Here's my babies, both around 7+ inches, thought I would share.


----------



## ksfishguy (Dec 17, 2006)

I just thought of this, neither fish is a CA, duh!


----------



## BigJagLover (Oct 25, 2006)

Still some beautiful fish though. Wrong forum or not get fish!!!!!!!!!!1 :thumb:


----------



## ksfishguy (Dec 17, 2006)

Thanks bigjaglover, mucho appreciato!


----------



## xXGrEeNxTeRrOrXx (Jan 25, 2006)

Gorgeous polleni. Nice pic!


----------



## straitjacketstar (Mar 8, 2004)

I'm so jealous!
My Paratilapia is an ugly dog. :lol: 
We like the 'tude on her though so she's worth the keeping.
Your oscar's got some nice color! Very clean! :thumb:


----------



## ksfishguy (Dec 17, 2006)

Thanks, glad you like them. It isn't easy to take good pics with my camera, but that one seems to capture them pretty well. Thanks again.


----------



## lil mama (Nov 24, 2007)

WOW beautiful fish


----------



## clgkag (Mar 22, 2008)

Nice Bleekeri. Day before yesterday, came down to find mine dead at the bottom of the tank :-? no marks on it or anything. Just got two babies about 1 1/2 long. Hope at least one turns out as nice as yours.


----------



## ksfishguy (Dec 17, 2006)

Going to head down for a water change in a few. I also need to head the lfs to get some frozen bloodworms, which they love. I purchased the large spot five months ago. He was good looking then but has grown a great deal. I had to remove my rd/midas from the tank to reduce stress, since then he has colored up incredibly. When he was stressed he lost a lot of the dark black coloration. When he is in control of the tank he looks best.


----------



## straitjacketstar (Mar 8, 2004)

ksfishguy said:


> Going to head down for a water change in a few. I also need to head the lfs to get some frozen bloodworms, which they love. I purchased the large spot five months ago. He was good looking then but has grown a great deal. I had to remove my rd/midas from the tank to reduce stress, since then he has colored up incredibly. When he was stressed he lost a lot of the dark black coloration. When he is in control of the tank he looks best.


Mine is just fugly.








She was a gift and charming as she is I can't find it in me to wish she was prettier. Her looks suit her. :lol: 
Seeing yours makes me want to buy a couple out and raise them out nice though.


----------



## Big Vine (Feb 26, 2007)

Nice fish, ksfishguy! 8) 
BV


----------



## ksfishguy (Dec 17, 2006)

Yama hama FRIGHT NIGHT! She isn't very pretty is she? Is she a large spot or small spot? Mine only looks great when not stressed.

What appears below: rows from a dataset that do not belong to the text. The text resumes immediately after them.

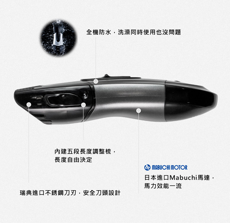 搭配日本進口Mabuchi馬達,超強馬力,讓您使用快速方便不卡毛。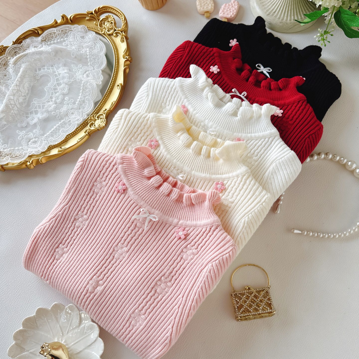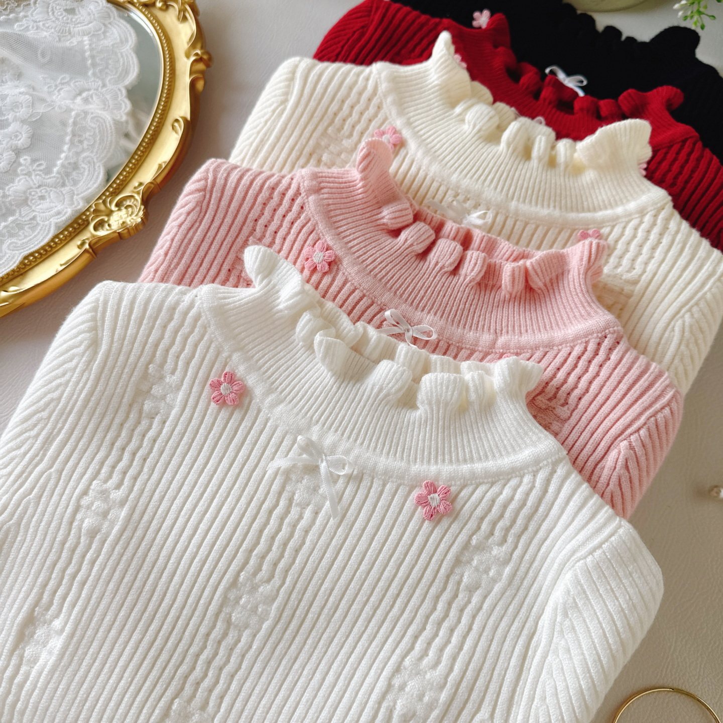 女童打底毛衣2025新款女孩毛线衣薄款花边领春秋款内搭打底衫花朵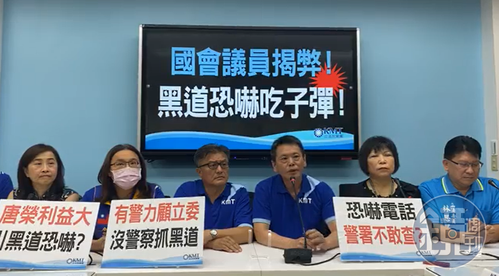 今(10)日國民黨黨團召開「國會議員揭弊,黑道恐嚇吃子彈」記者會,立委林為洲、孔文吉等人痛批,揭露蘇嘉全外甥張仲傑的弊案,並向檢調告發後,孔文吉立院辦公室助理和孔文吉本人都接到「未顯示號碼」的電話,一名男子用台語稱:「你老闆是想要吃土豆還是芭樂?」嚇得助理趕緊向孔報告。
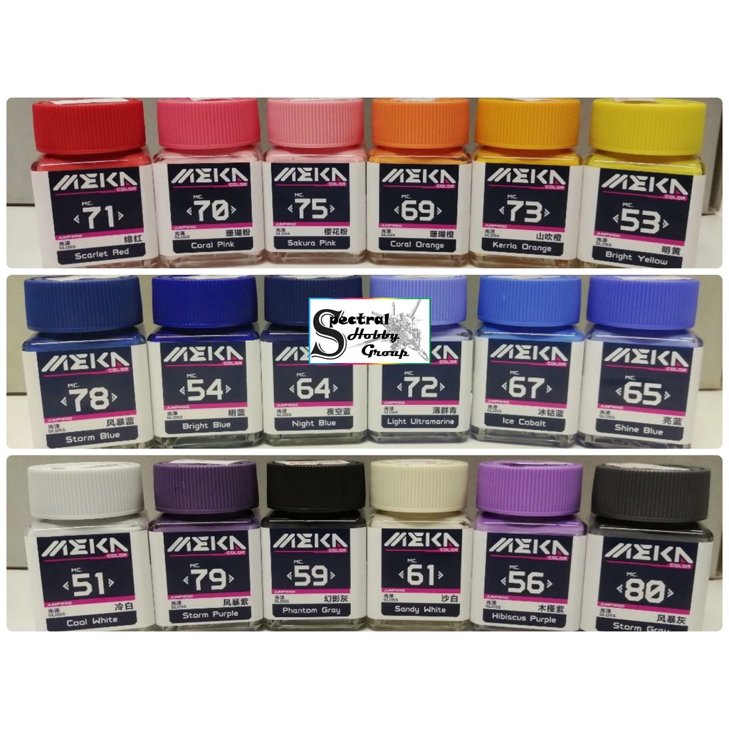 Sơn mô hình Tên sản phẩm : Meka color series / Full Color System for High Gloss Effect. Mã sản phẩm: MC51-80 Dung tích: 18-20ml / 1 lọ Hãng sản xuất : Jumpwind
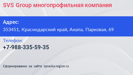 SVS Group, многопрофильная компания по адресу 353451, Краснодарский край, Анапа, Парковая, 69 в дальнейшем Организация, размещена в следующих категориях:

Thanks for the props everyone. I've been thinking about converting my tank to a frontosa/calvus setup...we'll see.


----------



## lil mama (Nov 24, 2007)

ksfishguy said:


> Yama hama FRIGHT NIGHT! She isn't very pretty is she? Is she a large spot or small spot? Mine only looks great when not stressed.


 :lol: :lol: :lol: LMAO :lol: :lol: :lol:


----------